→ DATASET ENTRIES:

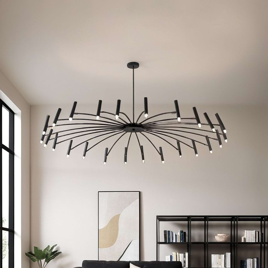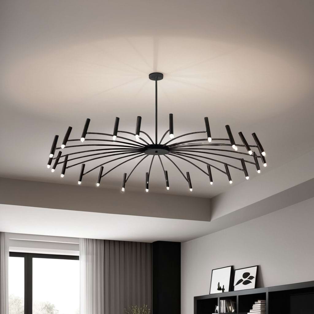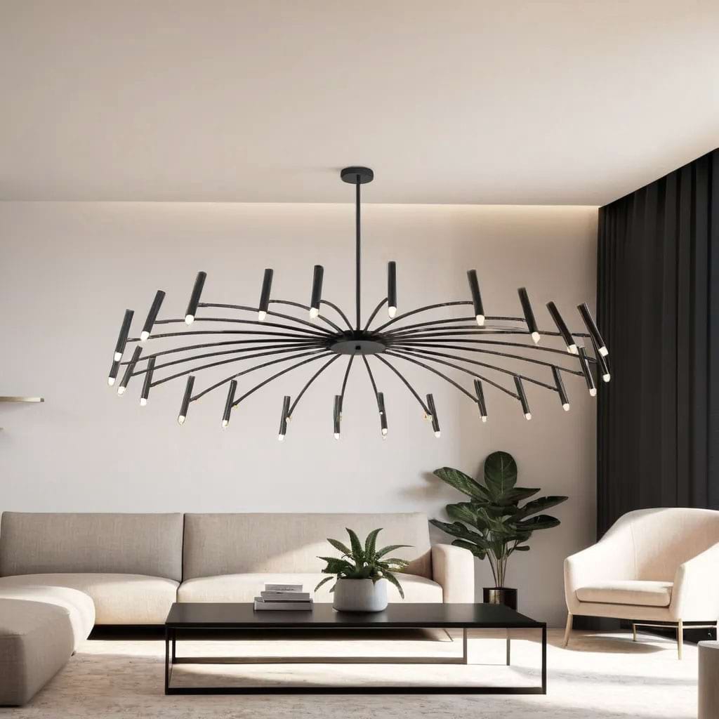 Our Modern Black Wagon Wheel LED Chandelier is a striking piece that evokes the wonder of a starlit night. Designed with clean, contemporary lines, it features slim arms extending gracefully outward, each ending with a softly glowing bulb that recalls the sparkle of distant stars. The smooth black finish pairs seamlessly with modern interiors, offering both refinement and a hint of celestial charm. Perfect for elevating a dining area or creating a dramatic welcome in an entryway, this chandelier combines understated elegance with captivating presence.
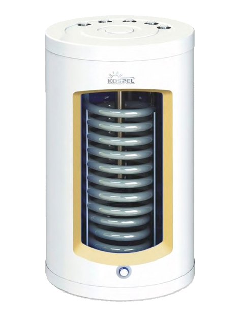 Вертикальный бойлер для нагрева и хранения воды Kospel SWK TERMO TOP со спиральной конструкцией змеевика, а также верхним расположением патрубков для монтажа под настенным отопительным котлом. Теплообменники данной модели идеально подходят для нагрева воды при взаимодействии с отопительным котлом.
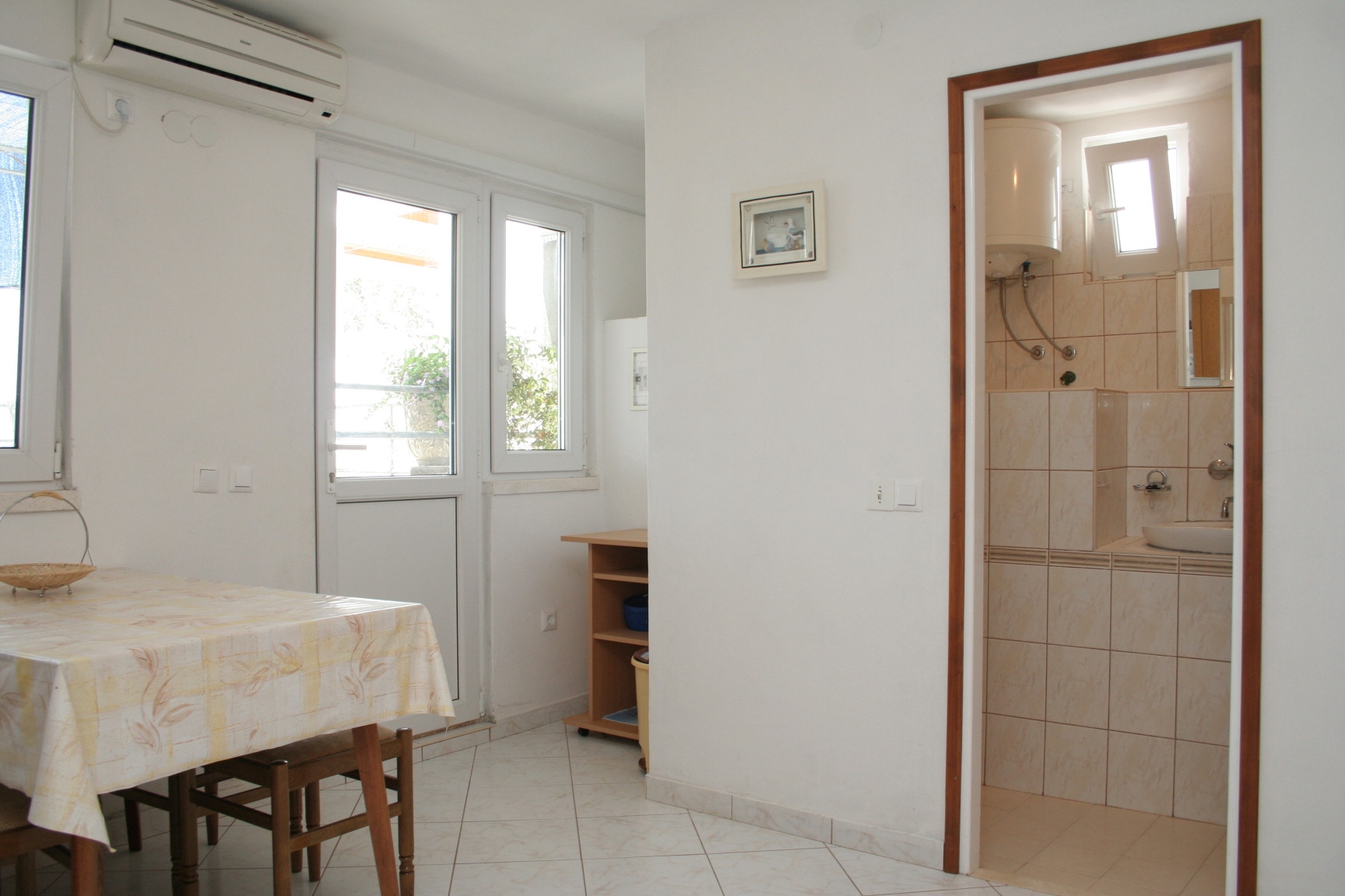 Apartament może przyjąć 4 gości. Łóżka znajdują się w sypialniach, których jest 1, oraz w pokoju dziennym, na powierzchni 27m2. Goście mają dostęp do tarasu, by korzystać z ciepłych, letnich wieczorów. Z apartamentu roztacza się widok na morze. Możliwość przygotowywania posiłków poprzez korzystanie ze wspólnego grilla. WLICZONE W CENĘ: taksa pobytowa, sprzątanie końcowe, klimatyzacja, parking, internet, miejsce do cumowania łodzi, żelazko, deska do prasowania, leżaki. OBOWIĄZKOWE KOSZTY DODATKOWE: dopłata za krótki termin (procent dopłaty w zalezności od liczby noclegów: 30% - 1, 20% - 2, 10% - 3). Dostępność dodatkowych usług w rezerwowanym terminie oraz ich cenę (jeśli nie jest podana) należy sprawdzić wcześniej. Za dodatowe usługi, które nie zostały uwzględnione w kalkulacji ceny, płaci się bezpośrednio właścicielowi obiektu, pod warunkiem śe gość korzysta z tych usług. Zniżki od ceny podstawowej: bezpłatny dzień 14=13 (przy pobycie, trwającym co najmniej 14 dni, otrzymujecie jeden bezpłatny dzień na pobyt do 31.12.2026).
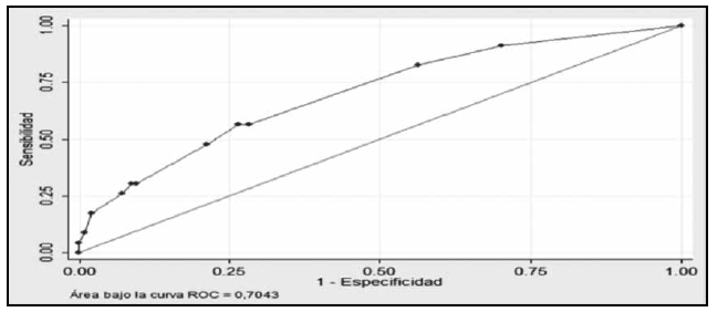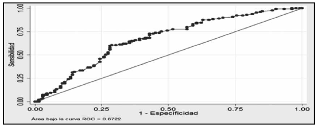 Se exploraron también dos modelos de predicción, el primero de predicción de bajos niveles de HbA1c (HbA1c<9%) con las variables edad >65 años y consumo de >4 dosis/día de medicamentos con OR en valores de protección, obteniéndose una AROC de 0.67. Y el segundo, de predicción de muerte intrahospitalaria, con las variables la HbA1c>9%, antecedente de ACV y de tabaquismo, con una AROC de 0.70 (Tablas 3, 4), (Figuras 1, 2).
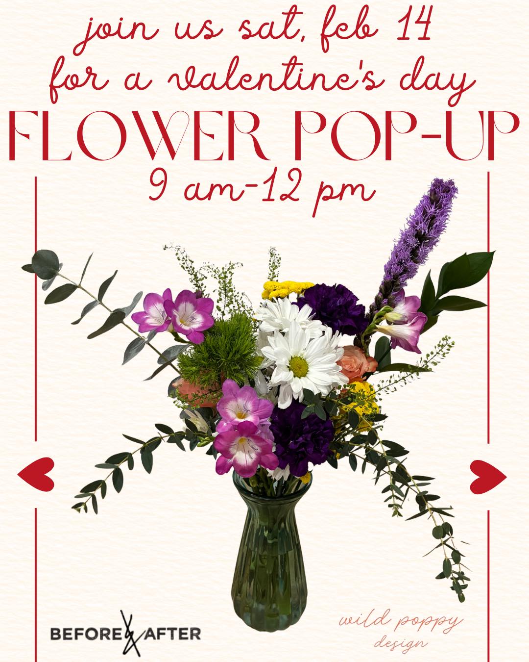 Join us at Before & After on Saturday, Feb 14th from 9am to 12pm for a Flower Pop-Up with Wild Poppy Design, who will be on-site selling beautiful Valentine’s bouquets Swing by for coffee and a pastry & grab flowers for someone you love (including yourself)! Come early, bouquets are first come, first served.
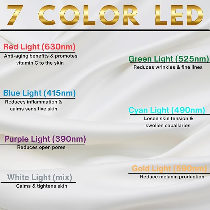 • (7-IN-1 FACIAL TOOL) This 7-in-1 face device has 7 different LED light modes that have numerous skin care functions, which can provide a total of 7 individual benefits for skin.
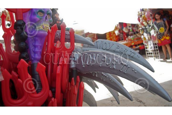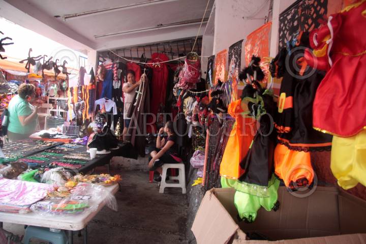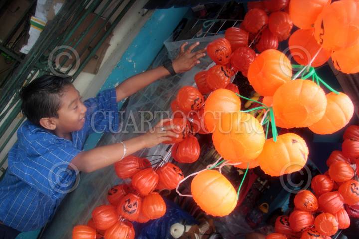 CANCÚN, QUINTANA ROO, 25OCTUBRE2008.- Esta tarde iniciaron las ventas para los festejos del Día de Muertos y Halloween en un popular mercado de este destino turistico. Lo contrastante de esta situación es que las tradiciones nacionales se van perdiendo para ganar terreno los festejos de norteamerica, y en las ventas se refleja al sobresalir la demanda del día de brujas. FOTO: MARCO POLO GUZMÁN HERNÁNDEZ/CUARTOSCURO.COM
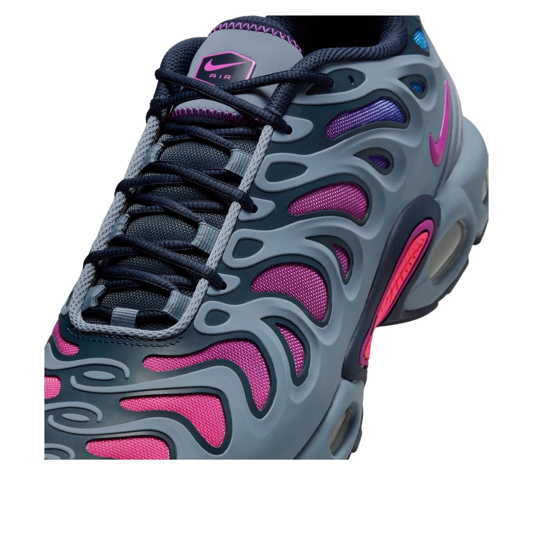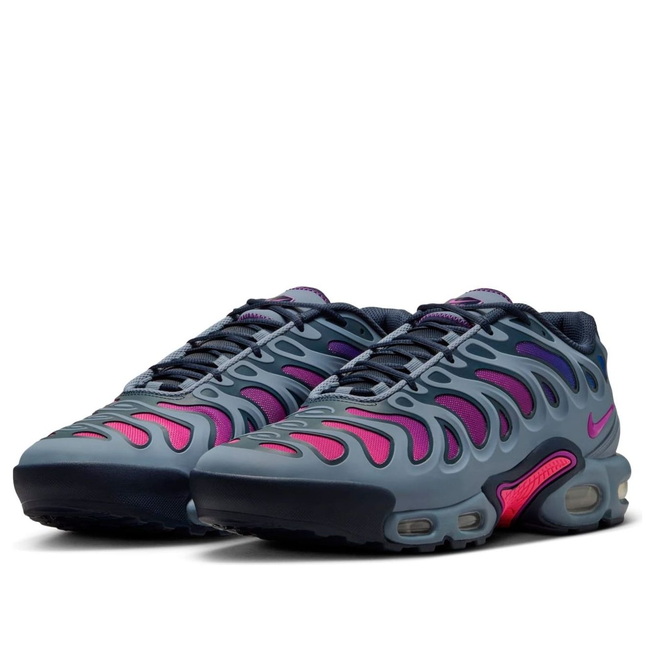 The Nike Air Max Plus Drift Ashen Slate features a Ashen Slate/Obsidian/Hyper Pink/Vivid Purple colorway. This Nike Air Max Plus Drift was first released for $185 on July 22, 2024.
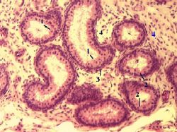 | 2,а. Препарат - придаток яичка. Окраска гематоксилин-эозином.
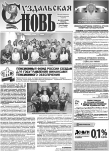 Газета основана 21 марта 1918 г. № 102 (12059) пятница, 20 декабря 2019 г. Общественно политическая газета Пенсионный фонд России образован 20 декабря 1990 года для государственного управления финансами пенсионного обеспечения . ПФР-самостоятельный внебюджетный фонд, денежные средства которого не входят в состав федерального бюджета, других бюджетов и фондов и не подлежат расходованию на другие цели, кроме выплаты пенсий. Деятельность фонда включает в себя не только выплату пенсий, это крупнейшая федеральная система оказания государственных услуг в России, которая сопровождает человека с самого рождения. Предоставление этих услуг на территории Суздальского района и г. Суздаля успешно осуществляет Государственное учреждение-Управление Пенсионного фонда Российской Федерации в г. Суздале. Коллектив управления обеспечивает своевременное установление и выплату всех видов страховых и государственных пенсий и социальных выплат, отнесенных законодательством Российской Федерации к компетенции ПФР, а также средств материнского (семейного) капитала, выплаты и инвестирование средств пенсионных накоплений, прием отчетности от плательщиков страховых взносов, в части сведений о застрахованных лицах для ведения индивидуального (персонифицированного) учета. Основными задачами при организации всех процессов являются клиентоориентированность, информационно-разъяснительная работа, повышение качества работы и создание доступной среды для маломобильных граждан. Коллектив управления в составе 35 человек во главе с руководителем Тяглецовой Н.М. обслуживает 13,5 тысяч пенсионеров, 10 тысяч получателей социальных выплат всех видов и 2,5 тысячи страхователей, достигая при этом высоких результатов. Работа коллектива строится на принципах взаимного уважения, поддержки и ответственности за результаты деятельности каждого специалиста. С самого основания управления в 2001 году трудятся Притуманова Н.В., Гончаренко Н.Е, Запруднова О.К., Максимова Т.В., Староверова Е.Н., Якимова С.А. Все специалисты управления достойны большой благодарности за их нелёгкий, но очень нужный и востребованный гражданами труд. При этом хочется отметить огромную самоотдачу и высокий профессионализм начальника отдела назначения и выплаты пенсий Даниловой Е.В. Специалисты учреждения с заботой и участием относятся к своим коллегам, вышедшим на пенсию, по достоинству оценивают их вклад в работу управления. С момента основания, 16 лет руководила управлением Нефедова Г.М. Многих специалистов научили работать Якимова В.И. и Ломакина Л.И. Но время идет и на пороге нового 2020 года хочется рассказать о том, какие изменения произойдут в пенсионном и социальном обеспечении с 1 января 2020 года. Суммы страховых пенсий неработающих пенсионеров будут увеличены на 6,6%,. Прожиточный минимум для выплаты федеральной социальной доплаты к пенсии увеличится до 9077 рублей. На 3,0 % проиндексируются суммы материнского (семейного) капитала, его размер будет составлять 466617 рублей. При этом распорядиться средствами (частью средств) материнского (семейного) капитала на ежемесячную выплату в связи с рождением (усыновлением) второго ребенка смогут семьи, среднедушевой доход которых не превышает 2,0-кратную величину прожиточного минимума трудоспособного населения, установленную во Владимирской области, в те
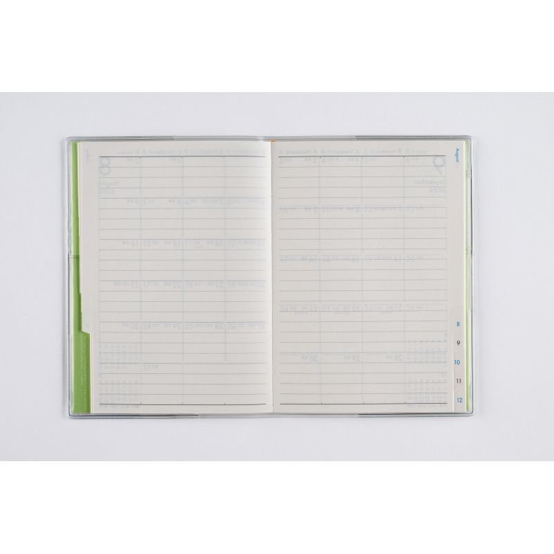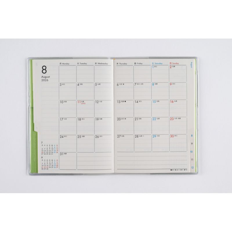 月間予定表のみの薄型タイプで、小さなカバンにもおさまりやすいハンディサイズ! 便利な月別インデックス付き。
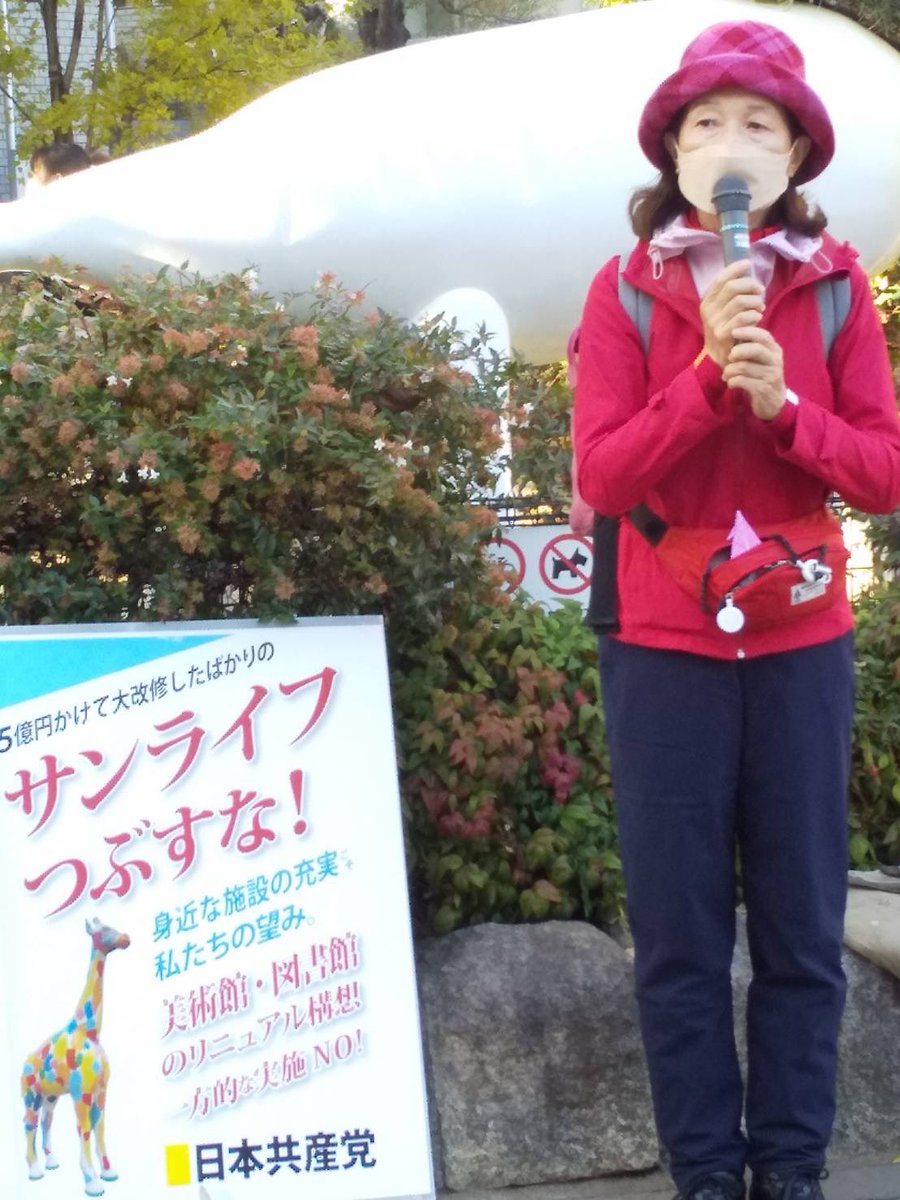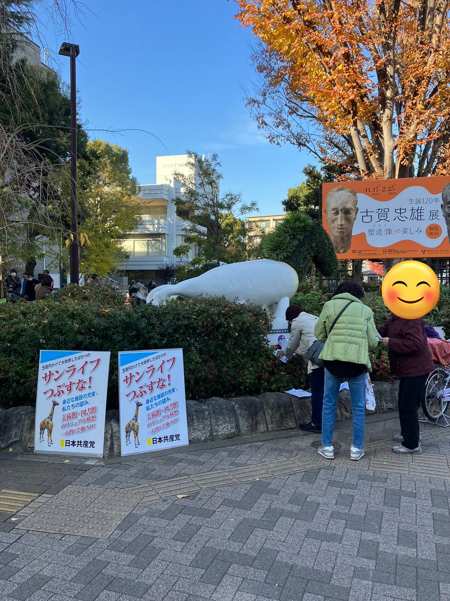 9日午後練馬美術館前で地域の皆さんと宣伝活動!ご自身で「サンライフつぶさないで」プラスター持って来られた方の熱い思い!地域の皆さん声が届く区政!国民の声が届く国政を!
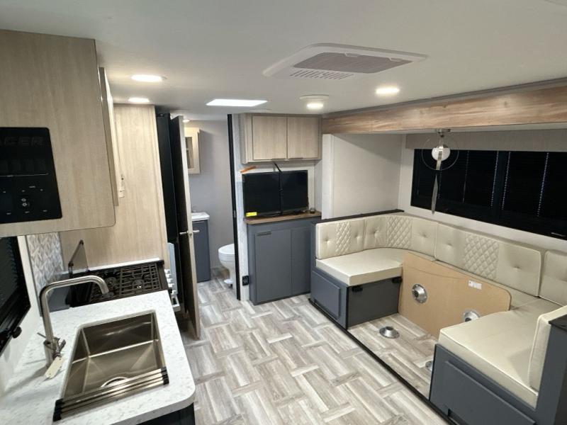Each Tracer LE travel trailer by Prime Time is made to last with its Eternabond construction, and there is a power awning with LED lights for an inviting outdoor living space. There is a manual tongue jack and manual stabilizer jacks outside, along with an XL grab handle and steel entry steps to provide a sturdy entrance and exit into your trailer. You will fall in love with the interior that includes LED lighting, a stainless steel galley sink, a 15k BTU A/C, and a soundbar to listen to your favorite tunes. You will also love the Tracer LE Solar Package that comes with a 200W solar panel, a 40A MPPT charge controller, and a solar disconnect switch for off-grid capabilities!
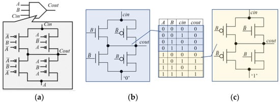 In Figure 3a, the reconfigurability of the RFETs is exploited to design a static, compact MG. In this case, the logic function does not change, but the circuit adapts itself to comply with different combinations of the inputs. Figure 3b,c illustrate the equivalent circuits and their behavior for A = ‘0’ and A = ‘1’. It is important to note that when A ≠ B, the output signal of the MG is fed by Cin through the S/D terminals of one of the upper TG-RFETs, which therefore acts as a pass transistor. As a consequence, when multiple MGs are cascaded, as in the RCA illustrated in Figure 4, series-connected pass transistor RFETs negatively affect the computational time. The same is true for the conventional RFET-based multiplexer scheme. Therefore, when several multiplexers are cascaded, a detrimental effect on the propagation delay is observable. As shown in the following, the new MG presented here avoids such a detrimental effect, thus improving the global speed performance of the realized RCA.

→ TASK DIRECTIONS:
Take the entries above and copy exactly the lines starting at the one with "CANCÚN, QUINTANA ROO, 25OCTUBRE2008.- Esta" and ending at the one with "яичка. Окраска гематоксилин-эозином."; nothing outside that span, and no pictures.

→ RESPONSE TO THIS EXERCISE:
 CANCÚN, QUINTANA ROO, 25OCTUBRE2008.- Esta tarde iniciaron las ventas para los festejos del Día de Muertos y Halloween en un popular mercado de este destino turistico. Lo contrastante de esta situación es que las tradiciones nacionales se van perdiendo para ganar terreno los festejos de norteamerica, y en las ventas se refleja al sobresalir la demanda del día de brujas. FOTO: MARCO POLO GUZMÁN HERNÁNDEZ/CUARTOSCURO.COM
 The Nike Air Max Plus Drift Ashen Slate features a Ashen Slate/Obsidian/Hyper Pink/Vivid Purple colorway. This Nike Air Max Plus Drift was first released for $185 on July 22, 2024.
 | 2,а. Препарат - придаток яичка. Окраска гематоксилин-эозином.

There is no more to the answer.